Data for analysis:
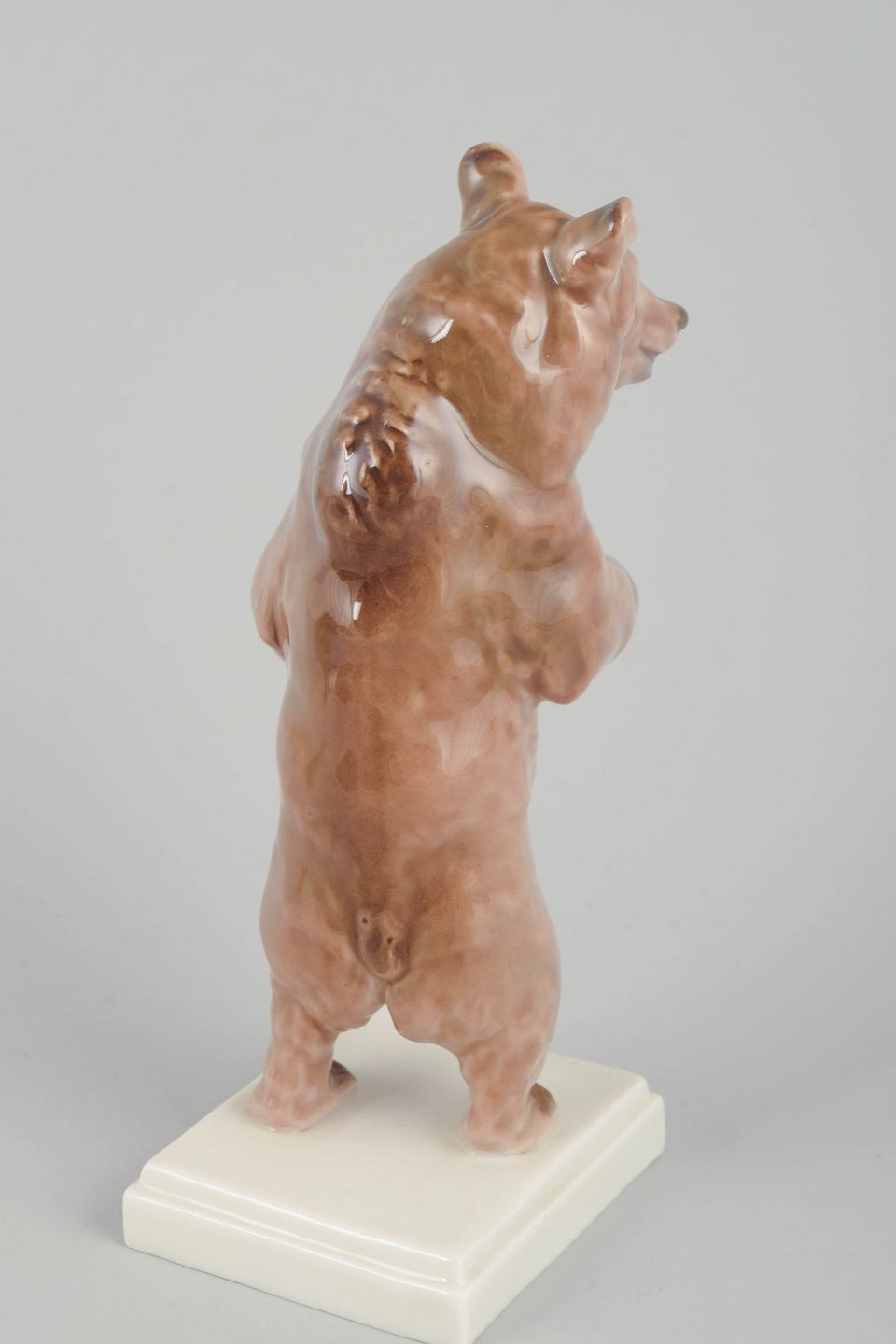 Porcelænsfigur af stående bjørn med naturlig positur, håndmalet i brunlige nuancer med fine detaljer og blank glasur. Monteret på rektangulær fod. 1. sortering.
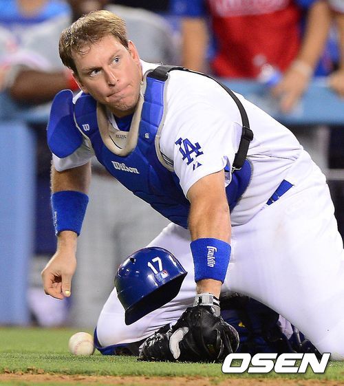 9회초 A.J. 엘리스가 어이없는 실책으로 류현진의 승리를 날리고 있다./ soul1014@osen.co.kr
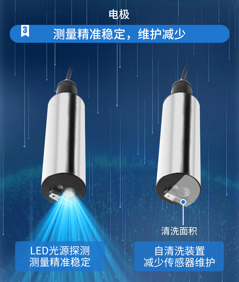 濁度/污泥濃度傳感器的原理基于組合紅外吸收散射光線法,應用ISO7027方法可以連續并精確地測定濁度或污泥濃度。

--

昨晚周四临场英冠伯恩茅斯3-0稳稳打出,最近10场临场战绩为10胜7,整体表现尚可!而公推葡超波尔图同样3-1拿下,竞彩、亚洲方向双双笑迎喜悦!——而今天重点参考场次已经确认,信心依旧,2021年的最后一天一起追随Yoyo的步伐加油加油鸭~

--

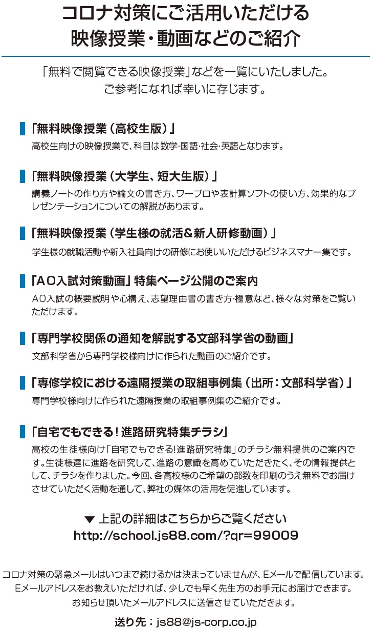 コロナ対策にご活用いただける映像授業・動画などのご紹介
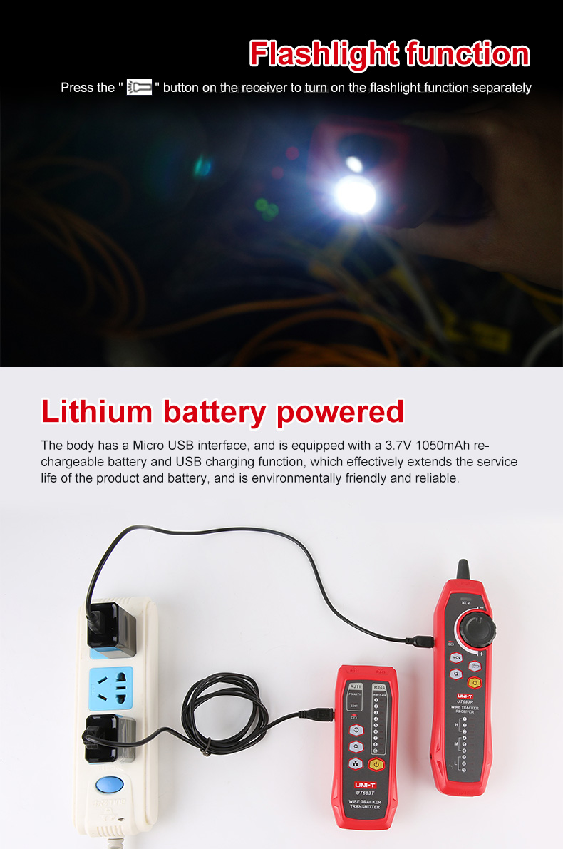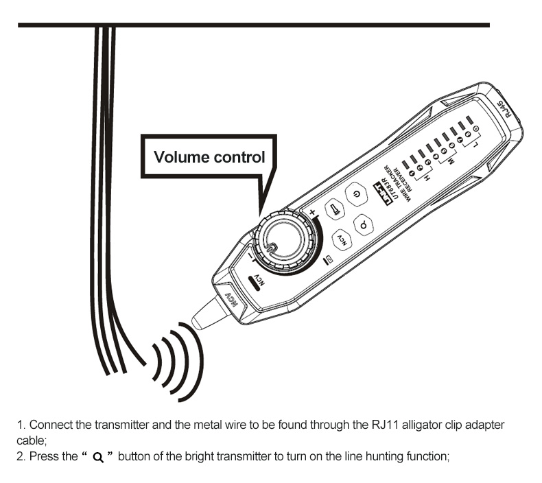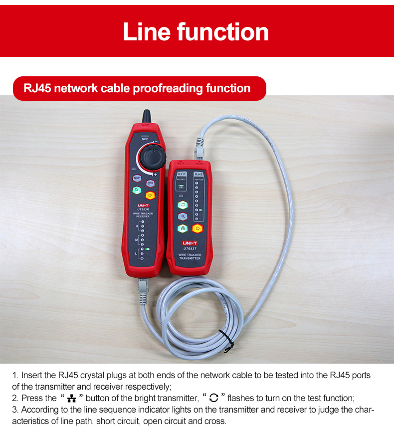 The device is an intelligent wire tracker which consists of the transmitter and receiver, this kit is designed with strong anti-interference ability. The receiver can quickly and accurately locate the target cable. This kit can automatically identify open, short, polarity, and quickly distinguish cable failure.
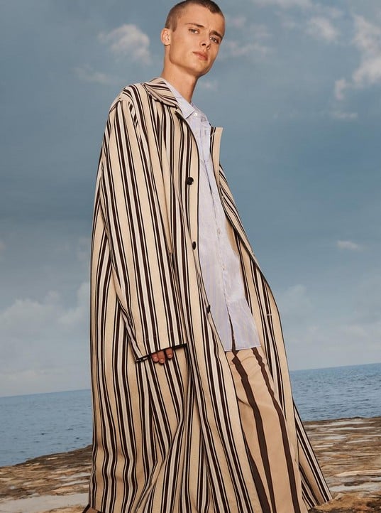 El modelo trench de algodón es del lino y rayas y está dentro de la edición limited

What is needed: I would like the exact lines from the data above, starting with the one that holds "Porcelænsfigur af stående" and going on through the one that holds "濁度/污泥濃度傳感器的原理基", without the pictures.

Solution to this problem:
 Porcelænsfigur af stående bjørn med naturlig positur, håndmalet i brunlige nuancer med fine detaljer og blank glasur. Monteret på rektangulær fod. 1. sortering.
 9회초 A.J. 엘리스가 어이없는 실책으로 류현진의 승리를 날리고 있다./ soul1014@osen.co.kr
 濁度/污泥濃度傳感器的原理基于組合紅外吸收散射光線法,應用ISO7027方法可以連續并精確地測定濁度或污泥濃度。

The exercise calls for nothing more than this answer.